Es por ello que en este evento la Sala Primera de Revisión de la Corte Constitucional revocará la sentencia dictada en segunda instancia el 23 de noviembre de 2004 por el Juzgado Segundo Penal del Circuito de San Juan de Pasto mediante la cual revocó aquella en la que el Juzgado Cuarto Penal Municipal de la misma ciudad, el 28 de septiembre de 2004, concedió el amparo de los derechos fundamentales de la actora. En su lugar confirmará este último fallo, pero por los motivos expuestos en el presente fallo, y en lo que se refiere a conceder el amparo. Los derechos protegidos son el del libre desarrollo de la personalidad y al debido proceso.
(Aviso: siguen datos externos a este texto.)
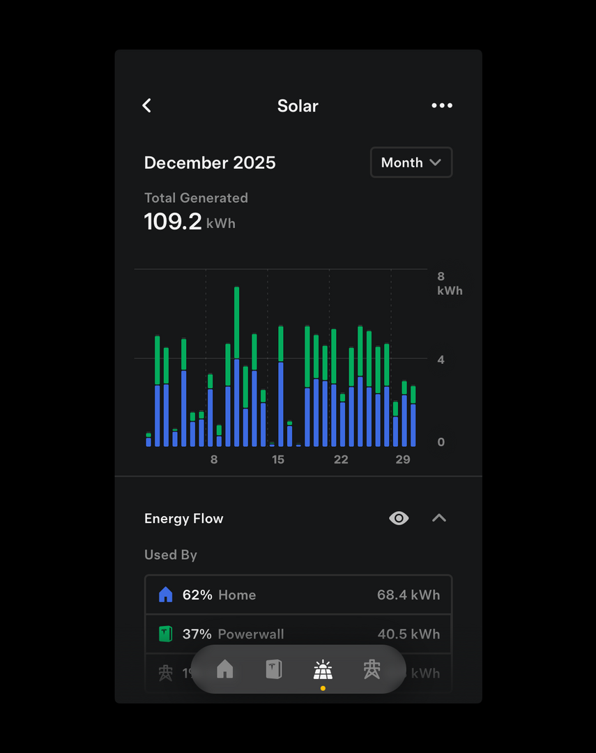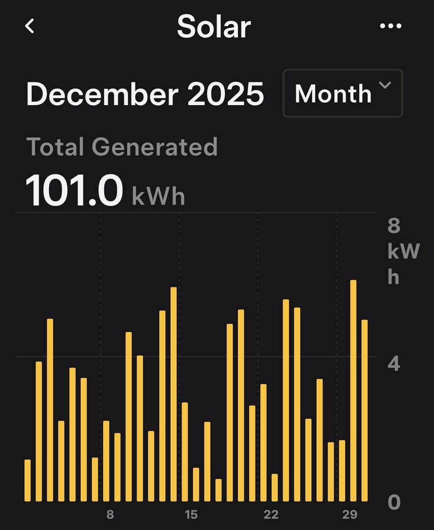 The total production figures for the three years are: 2023 = 6.5 MWh, 2024 = 6.0 MWh and 2025 = 7.1 MWh. The 21 panels total 8.1 kWp. but are neither ideally orientated or free from some shading (particularly at this time of year). Regards, Toodles.

Además la Sala ordenará a la alcaldía municipal de Pasto y a la secretaría de educación y cultura de ese municipio que en un término de diez (10) días hábiles contados a partir de la notificación del presente fallo proceda a realizar todos los actos y gestiones administrativas necesarios para hacer efectiva la permuta entre las docentes Lucía Elena Hidalgo Muñoz e Isabel Odilia Miryam Bastidas, acordada en el convenio interadministrativo 006-04 de abril 1º del 2004.

IV. Decisión

La Sala Primera de Revisión de la Corte Constitucional, administrando justicia en el nombre del pueblo y por mandato de la Constitución,

RESUELVE:

1. REVOCAR la sentencia dictada en segunda instancia el 23 de noviembre de 2004 por el Juzgado Segundo Penal del Circuito de San Juan de Pasto, mediante la cual revocó aquella en la que el Juzgado Cuarto Penal Municipal de la misma ciudad, el 28 de septiembre de 2004, concedió el amparo de los derechos fundamentales de la señora Lucía Elena Hidalgo Muñoz, en el trámite de la acción instaurada contra la alcaldía municipal de San Juan de Pasto, con citación oficiosa de la secretaría de educación y cultura de ese mismo municipio.
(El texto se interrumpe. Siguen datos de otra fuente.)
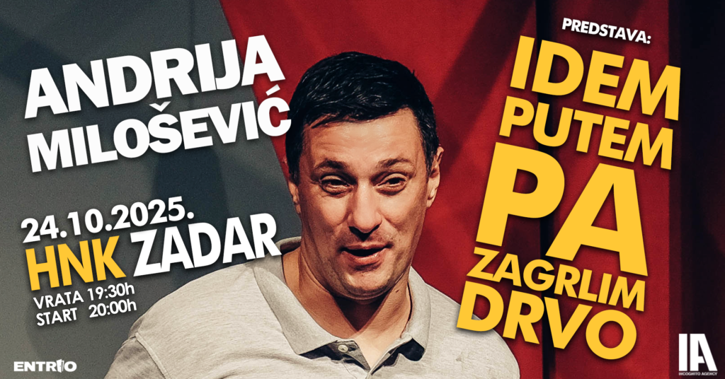 INCOGNITO AGENCY PRESENTS: ANDRIJA MILOŠEVIĆ – “IDEM PUTEM PA ZAGRLIM DRVO” HNK ZADAR24.10.2025.VRATA: 19:30HSTART: 20:00H ULAZNICE: Entrio – https://bit.ly/Andrija_Zadar i sva fizička prodajna mjesta Entrija (www.entrio.hr/outlets):⮕ Petrol Zadar, ul. Ante Starčevića 34⮕ Petrol, ul. Hrvatskog Sabora 6B⮕ Petrol, Gaženička cesta 22A⮕ Music Shop Combo, ul. Vlatka Mačeka 3⮕ Ghetaldus Kaufland, Andrije Hebranga 2⮕ Ghetaldus Supernova, ul. Akcije Maslenica 1⮕ Ghetaldus Kalelarga, Široka
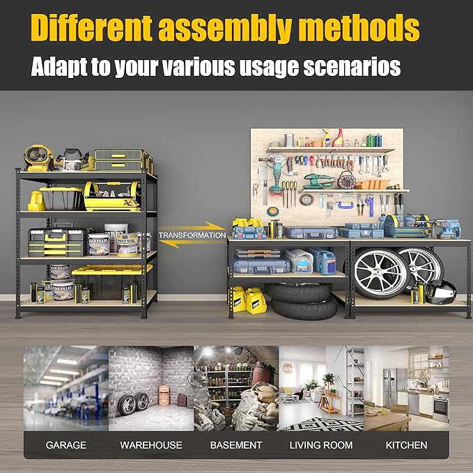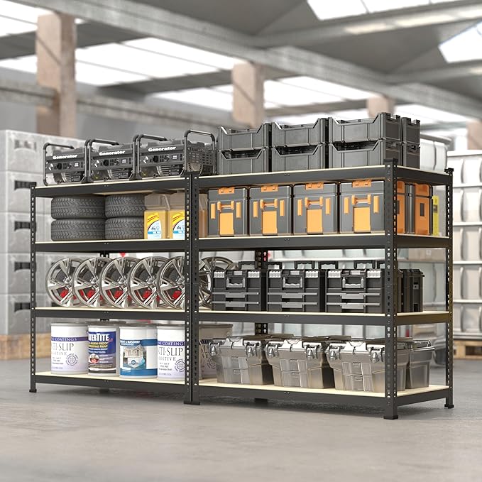 - 【 Heavy Duty & Long-lasting】This 4-tier garage shelving is made of high-quality thicker MDF boards and 0.03" thicker heavy duty galvanized metal frame, sturdy and ensuring. The metal frame is covered with premium powder coating to give it a smooth surface. Each shelf holds up to 400 lbs, 4 tier shelves' total max load weight is 1600 lbs

En su lugar, CONFIRMAR, pero por los motivos expuestos en este fallo, la sentencia de primera instancia, en el sentido de conceder el amparo reclamado por la actora, de sus derechos fundamentales al libre desarrollo de la personalidad y al debido proceso.

2. En consecuencia ORDENAR a la alcaldía municipal de Pasto y a la secretaría de educación y cultura de ese municipio que en un término de diez (10) días hábiles contados a partir de la notificación del presente fallo, proceda a realizar todos los actos y gestiones administrativas necesarios para hacer efectiva la permuta entre las docentes Lucía Elena Hidalgo Muñoz e Isabel Odilia Miryam Bastidas, acordada en el convenio interadministrativo 006-04 de abril 1º del 2004.

3. LÍBRESE por secretaría la comunicación prevista en el artículo 36 del Decreto 2591 de 1991.

Notifíquese, comuníquese, cúmplase y publíquese en la Gaceta de la Corte Constitucional.

Magistrados: Jaime Araújo Rentería—Alfredo Beltrán Sierra—Manuel José Cepeda Espinosa.

Martha Victoria Sáchica de Moncaleano, Secretaria General.

(1) Sentencia T-209 de 2004, M.P. Manuel José Cepeda Espinosa.

(2) En necesario recordar que el artículo 44 de la Carta establece que los derechos de los niños prevalecen sobre los derechos de los demás, al mismo tiempo que el artículo 67 prescribe que el Estado, la sociedad y la familia son responsables de la educación y que esta es obligatoria entre lo cinco y los quince años de edad.

(3) Señala el artículo 16 de la Constitución Política. “ART. 16.—Todas las personas tienen derecho al libre desarrollo de su personalidad sin más limitaciones que las que imponen los derechos de los demás y el orden jurídico”.

(4) Acerca del libre desarrollo de la personalidad, en la Sentencia C-098 de 2003 (M.P. Jaime Araújo Rentería A.V. Jaime Araújo Rentería).

(5) Sentencias T-1183 de 2004, M.P. Manuel José Cepeda Espinosa y T-909 de 2004, M.P. Jaime Araújo Rentería, entre otras.